After I completed my Zumba certification, I started to think more about what I could do to challenge myself. Getting my certification gave me the spark to go back to school and finish my degree. I decided to pursue a degree in human nutrition and dietetics. I felt passionate about going back to school and getting this degree. I want to empower others to do what they want through wellness and nutrition. Also, this degree will make me a stronger teacher for my students at the Colorado Center for the Blind.
Recently I had major brain surgery that has been one of the toughest things I've gone through in a really long time. It started in February, when I began stereotactic radiation for two of the brain tumors I had. Since then I've had to deal with a lot of nausea and vomiting and headaches. I continued to go to work and go to school because that is what fulfills me and makes me happy. I also continued to try to exercise during this time. If you can only do twenty squats one day because you don't feel well, that's okay.

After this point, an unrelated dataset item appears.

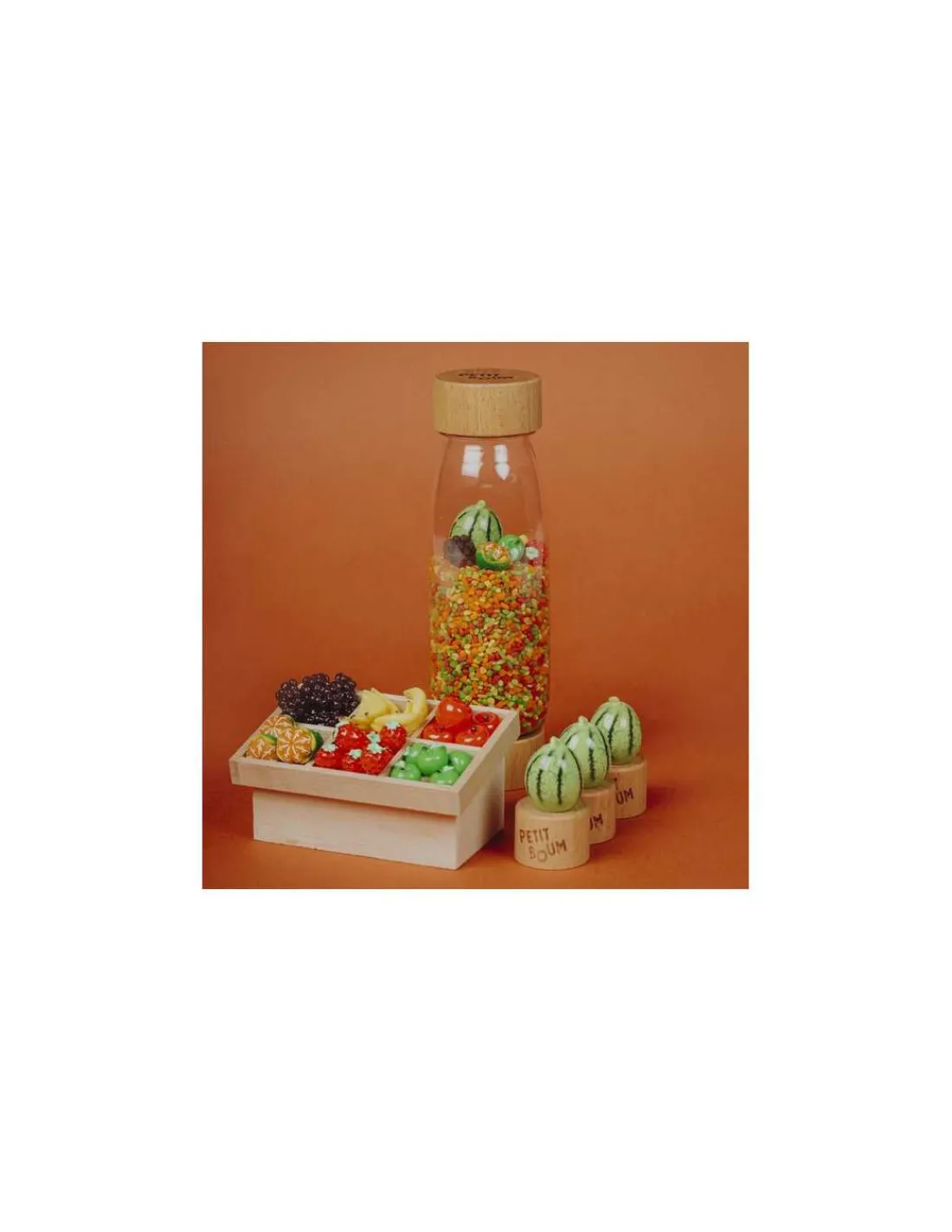 Apprendre à identifier les fruits n’a jamais été aussi amusant, génial dans ce flacon de plaisirs sensoriels en formes et en couleurs. Il suffit de l’agiter et… La récolte est là! Mandarines, raisins secs, bananes, fraises? Choisis ton fruit préféré et ne t’arrête pas avant de les avoir tous trouvés!

I had to keep telling that to myself.
It was very difficult to start at a time in my life when I felt my healthiest and experience a steady decline. Some days I would do twenty squats, twenty push-ups, and twenty sit-ups, that's all. It felt really good to me, that I could accomplish that in a day. If I could do that, and attend a class, and go to work, then I felt really good!

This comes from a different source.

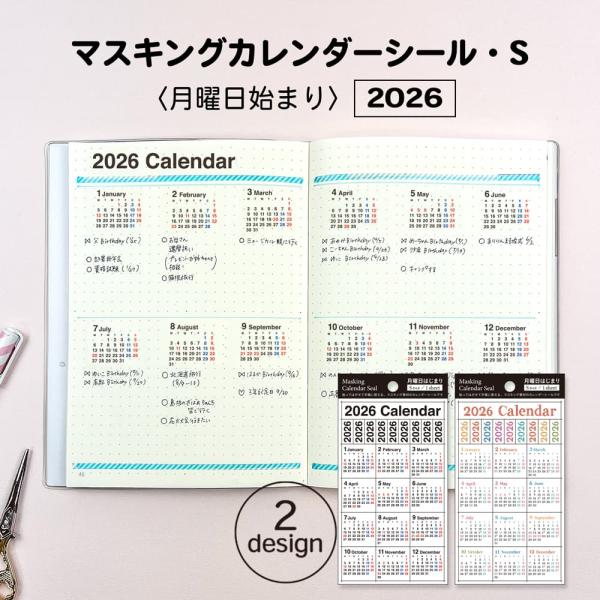 2026年 カレンダー 2026 カレンダー カレンダーシール Sサイズ 月曜始まり 2026 マスキング

On May 17 I went in and had my brain surgery. The doctors told me it was going to be a very difficult procedure. The tumor was in my brain stem, a horrible area to operate on. When they went in, they found that one of the tumors was wrapping around my cervical spine at C-1, so the surgery was even more difficult than they anticipated. I woke up with central paralysis in my right arm. I have numbness in my right leg, in my foot, in my face and neck and chest. My right arm is not usable to do anything.
The support of my family and the friends I've made through the NFB really makes a difference, and the message of the NFB really resonates with me. I know that I'm able to come back from this as well. Four weeks after my surgery I started going back into the pool and being able to walk and move there. I started doing five squats a day and going up and down the stairs in my house. I started to rebuild my strength and to keep that message alive for myself. I know that I have to push myself to be able to be strong again. This message that we have through the NFB is going to extend to all areas of my life. This isn't going to stop me. It isn't going to define me. It isn't going to keep me from living the life I want.

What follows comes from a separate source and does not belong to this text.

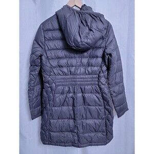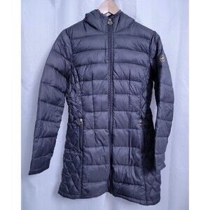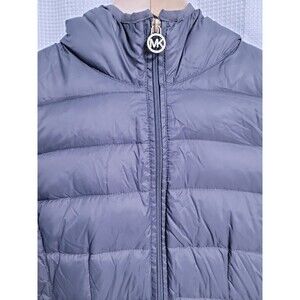 This is a Michael Kors MK Packable Down Hooded Jacket Womens PS Gray/Gold.

I know that I'm going to get strong again. I know that I'm going to be a Zumba teacher. I know that I'm going to go to school this fall. I'm going to be able to do everything that I want to do despite my blindness, despite the VHL, despite every barrier that may be there or may come my way. Simply having the message of the National Federation of the Blind and knowing that I can live the life that I want. I truly believe that I can live the life I want, and that I will return to the life I had prior to this surgery. I will continue to meet new challenges and have more accomplishments in my life.
Each and every one of us is capable of making big changes for ourselves and for those around us. With love, hope, and determination, let's defy expectations and turn our dreams into reality.